Schematic diagram of experimental apparatus. (a) Viscosity measurement system. (b) Crucible and bob. (c) ZrO₂ spindle.

The spindle typically used in this kind of rotation apparatus is cylindrical and made of a Mo-based material. This composition is, however, incompatible with Fe–C melts due to the high solubility of Mo in Fe–C melts. In order to accurately measure the viscosity of Fe–C melts during solidification, the following improvements were made to the testing spindle: (1) New testing spindles were made of ZrO₂ with the same shape and size of the traditional Mo spindles. ZrO₂ is inert against Fe–C, allowing the new spindle to be rotated inside the Fe–C melts without any erosion. (2) Miniature notch grooves with a depth of 1 mm were created around the cylindrical spindle in order to minimize the possible sliding conditions between the fluid containing particles and the spindles. The structure of the new spindle is shown in Fig. 2(c). To verify the accuracy of the viscosity measured by the improved ZrO₂ spindle, the standard Mo spindle and ZrO₂ spindle were used to measure the viscosities of several known substances. The comparison of viscosities measured by the standard Mo spindle and the ZrO₂ spindle showed that the measurements made with the new ZrO₂ spindle were effectively identical to measurements made with the standard Mo spindle, verifying the accuracy of measurements made with the ZrO₂ spindle (Fig. 3).

Fig. 3.

Comparison of viscosities measured with the Mo spindle and ZrO₂ spindle.

2.2.1. Measuring the Apparent Viscosity of a Methyl Silicone Oil–Al₂O₃ Particle System

Al₂O₃ particles were added to methyl silicon oil to obtain mixtures containing different volume fractions of Al₂O₃ particles (0%, 7.14%, 14.28%, 21.42%, 28.56% and 35.7%). Thereafter, the viscosities of the two-phase mixtures were measured under different rotation speeds. Each measurement was repeated in triplicate, whose standard deviations were mostly less than 1%. Finally, the average value was reported.

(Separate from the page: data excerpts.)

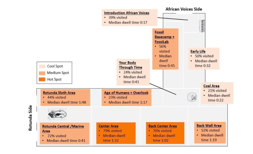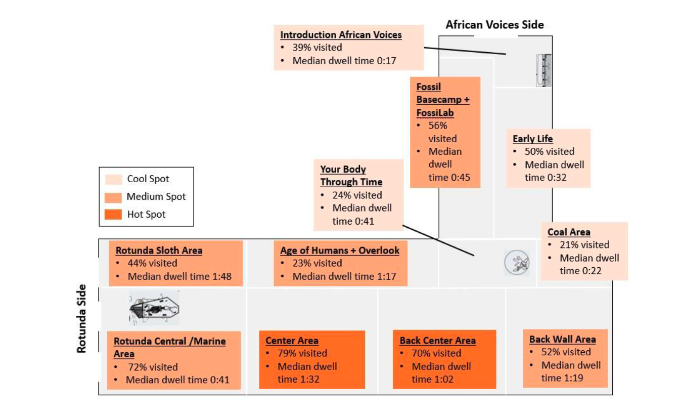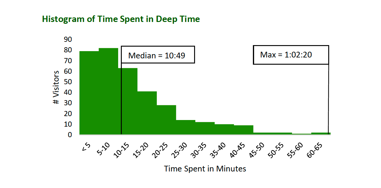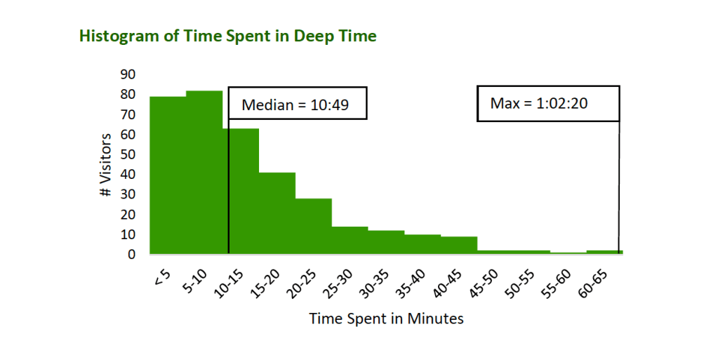 Given how long it takes to conceptualize an exhibit and design it down to the inch (a year per 3,000 square feet is a decent rule of thumb), it can be demoralizing to see how little time audiences actually spend there. Deep Time occupies 31,000 square feet and contains 83 individual displays. RK&A evaluators found that the median dwell time was 10 minutes and 49 seconds, with a median of 11 displays visited. Notably, longer dwell times did not correlate with a higher number of stops. Dwell time was higher for visitors that entered from the main rotunda than from African Voices, suggesting that sight lines might play a significant role in what visitors choose to look at.
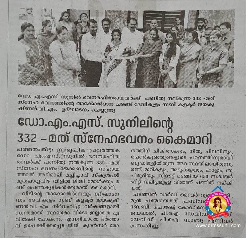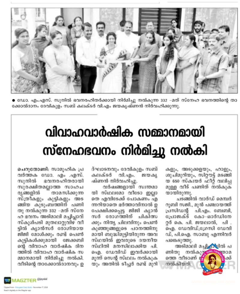 വിവാഹ വാർഷിക സമ്മാനമായി ജിജിക്ക് സ്നേഹഭവനം കൈമാറി
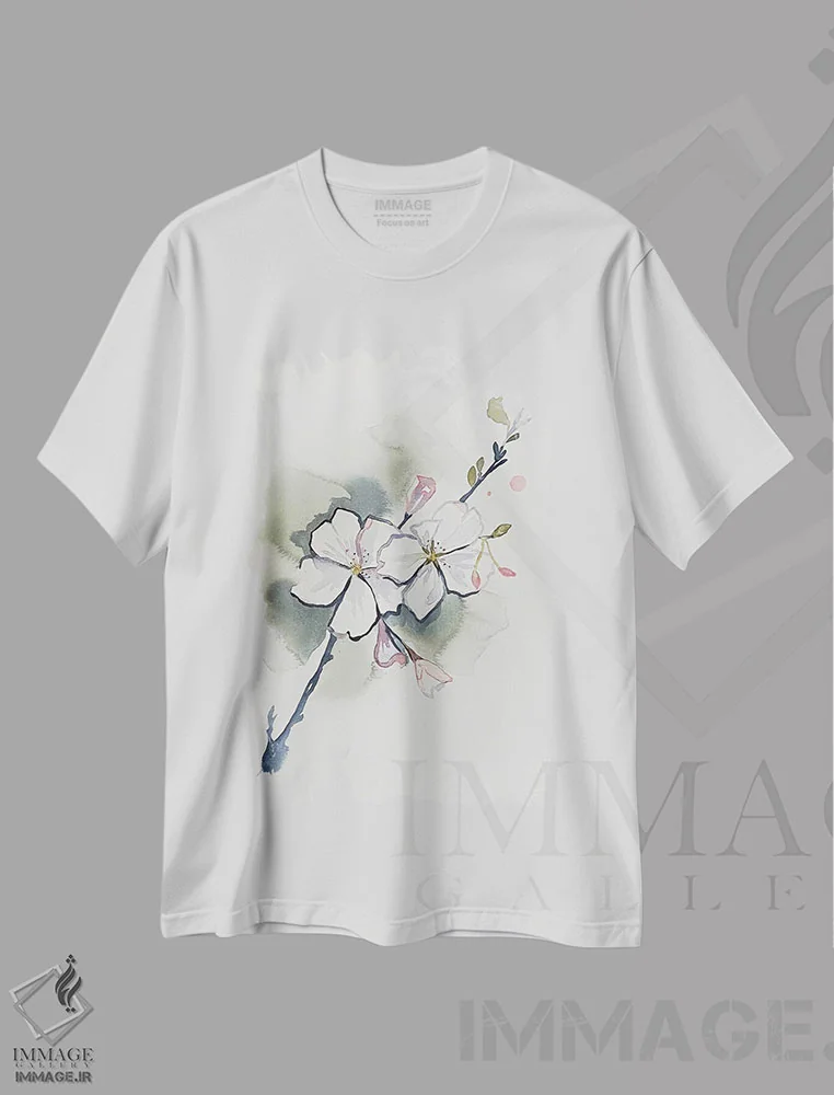 تیشرت سفید طرح دار شکوفهٔ گیلاس شمارهٔ ۳۶، هنر فاخر معاصر اثر الیزابت بکر | فروشگاه ایماژ تیشرت طرح دار شکوفهٔ گیلاس شمارهٔ اثر الیزابت بکر

2.2.2. Apparent Viscosity Measurements of Fe–C Melts during Solidification

During the viscosity measurements for Fe–C melts, both the crucible and the spindle were aligned along the axis of the viscometer. After adjusting the position of the crucible, the Fe–C alloy was completely melted by heating it above its liquidus temperature. This temperature was maintained for 60 minutes to ensure that the alloy was melted homogenously. A constant stream of pure Ar gas (2 L/min) was injected into the furnace tube from the bottom of the apparatus throughout the experiment to protect the melt from potential side reactions. The stirring spindle was lowered into the melt slowly because of the low thermal shock resistance of ZrO₂ until the bottom of the spindle was 10 mm away from the bottom of the crucible and centered within the melt. Then, the melt was sheared continuously at a set cooling rate until the viscosity of the melt was too high for the torque sensor to measure accurately. The melt was reheated above its liquidus temperature and the experiment was repeated with a different shear rate and a different cooling rate. The rheological conditions used in these experiments are shown in Table 2. Data from groups I, II, IV, and VI were used to derive the viscosity model equation, while experiments for group III and V were performed in succession to validate the accuracy of the proposed model.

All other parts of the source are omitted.